With the pictures omitted, repeat exactly the lines below starting with the line that has "Indulge in deep" and going on through the line that has "وإنما ننقل هذا".
[Records for this exercise — start]
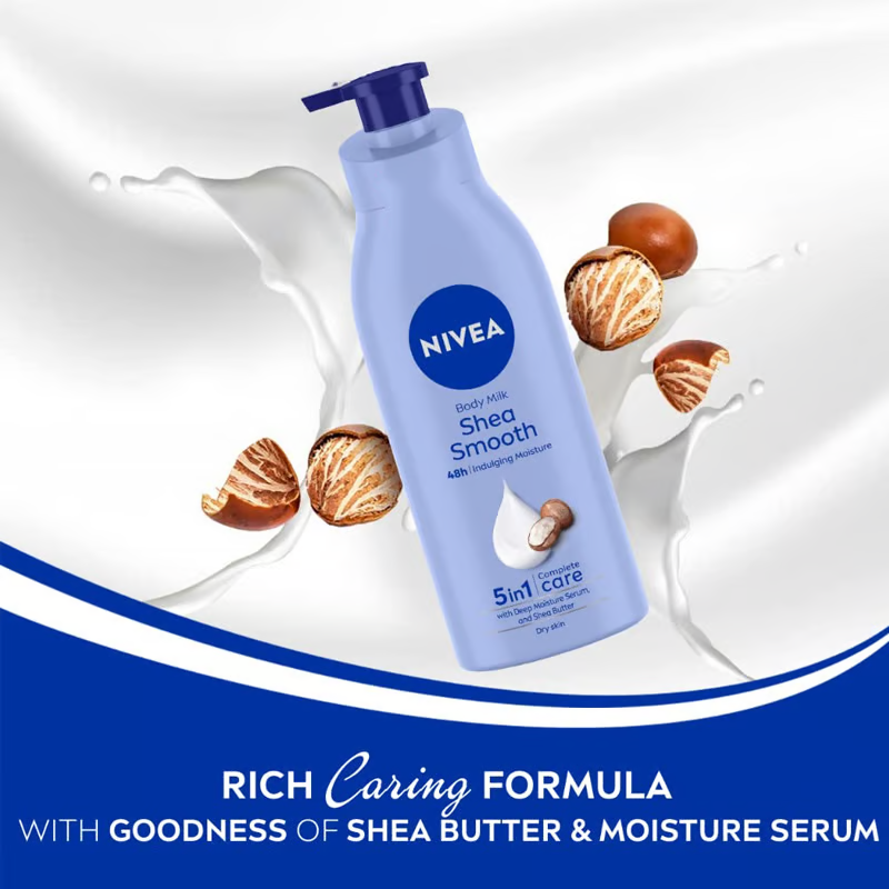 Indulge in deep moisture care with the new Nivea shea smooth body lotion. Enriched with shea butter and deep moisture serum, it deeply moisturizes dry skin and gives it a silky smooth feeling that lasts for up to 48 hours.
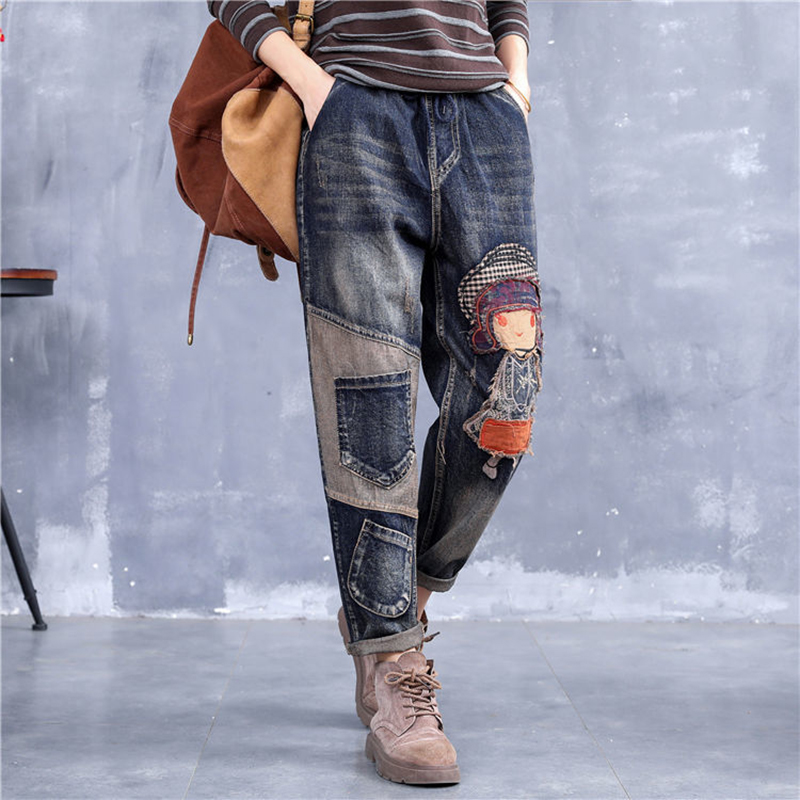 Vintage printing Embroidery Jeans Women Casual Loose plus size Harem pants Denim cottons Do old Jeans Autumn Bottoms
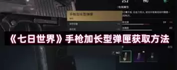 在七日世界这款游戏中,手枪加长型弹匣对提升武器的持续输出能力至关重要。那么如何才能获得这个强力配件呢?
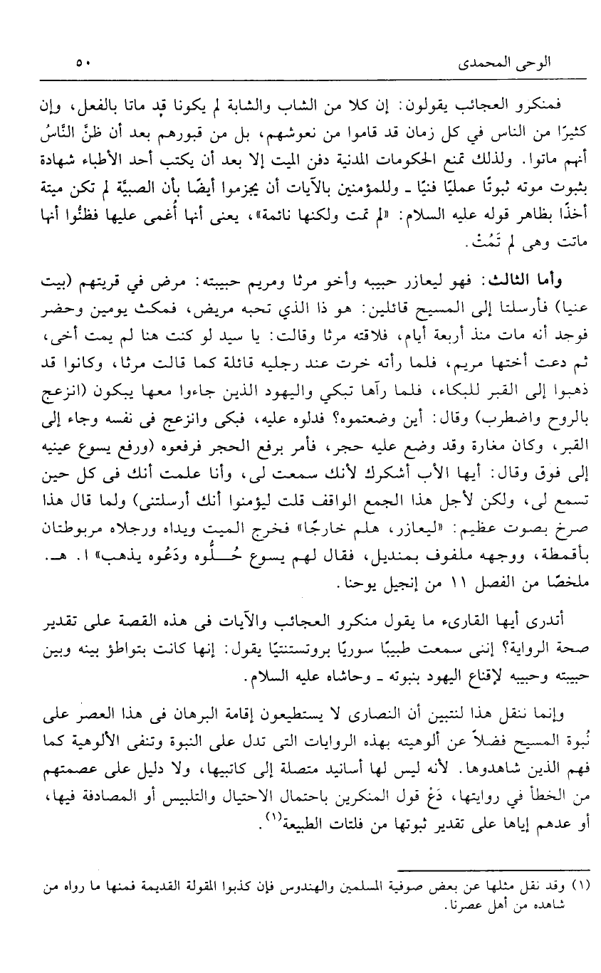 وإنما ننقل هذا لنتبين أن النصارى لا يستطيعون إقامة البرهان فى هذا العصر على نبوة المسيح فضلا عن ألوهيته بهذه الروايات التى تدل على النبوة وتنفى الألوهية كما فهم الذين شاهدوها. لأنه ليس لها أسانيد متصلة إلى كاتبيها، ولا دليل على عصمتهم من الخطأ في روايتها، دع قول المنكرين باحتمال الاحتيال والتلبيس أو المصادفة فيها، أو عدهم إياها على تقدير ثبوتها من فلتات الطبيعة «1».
[Records for this exercise — finish]
[Records for this exercise — start]
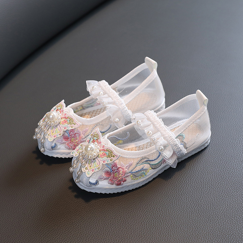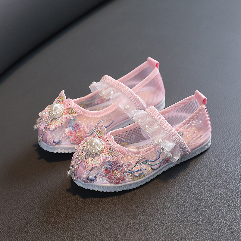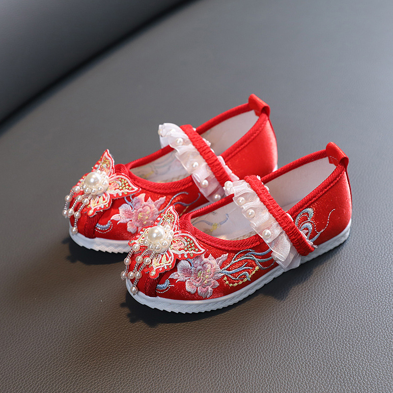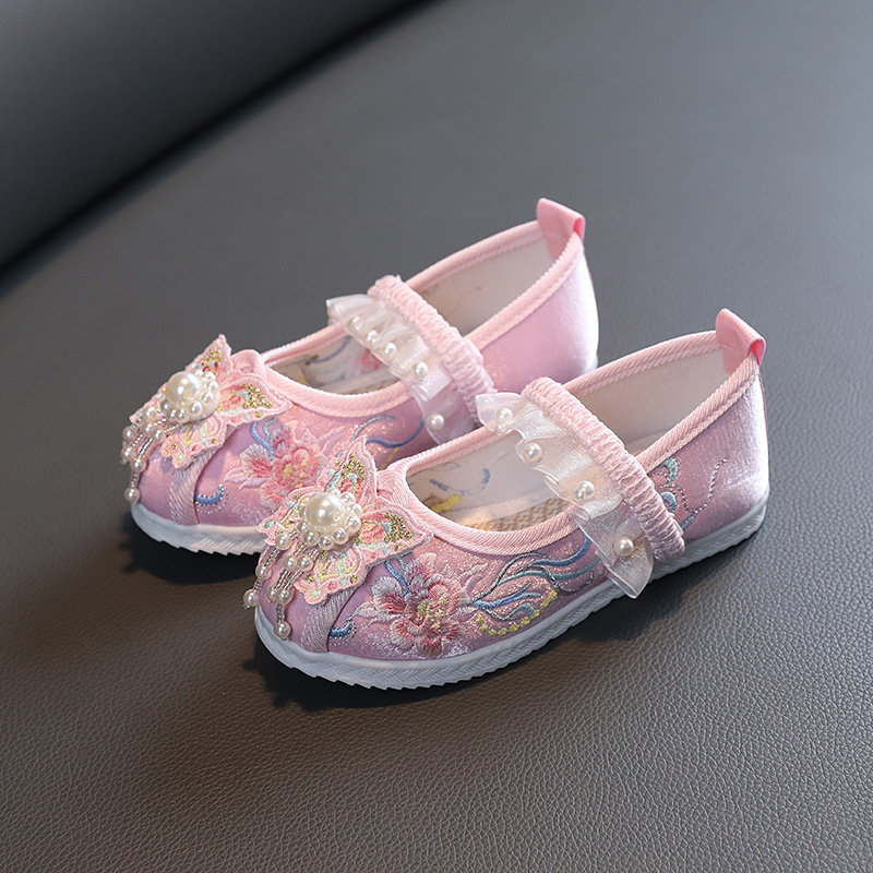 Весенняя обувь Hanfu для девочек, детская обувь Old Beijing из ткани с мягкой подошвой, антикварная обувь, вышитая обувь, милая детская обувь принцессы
[Records for this exercise — finish]
▸ Reply:
 Indulge in deep moisture care with the new Nivea shea smooth body lotion. Enriched with shea butter and deep moisture serum, it deeply moisturizes dry skin and gives it a silky smooth feeling that lasts for up to 48 hours.
 Vintage printing Embroidery Jeans Women Casual Loose plus size Harem pants Denim cottons Do old Jeans Autumn Bottoms
 在七日世界这款游戏中,手枪加长型弹匣对提升武器的持续输出能力至关重要。那么如何才能获得这个强力配件呢?
 وإنما ننقل هذا لنتبين أن النصارى لا يستطيعون إقامة البرهان فى هذا العصر على نبوة المسيح فضلا عن ألوهيته بهذه الروايات التى تدل على النبوة وتنفى الألوهية كما فهم الذين شاهدوها. لأنه ليس لها أسانيد متصلة إلى كاتبيها، ولا دليل على عصمتهم من الخطأ في روايتها، دع قول المنكرين باحتمال الاحتيال والتلبيس أو المصادفة فيها، أو عدهم إياها على تقدير ثبوتها من فلتات الطبيعة «1».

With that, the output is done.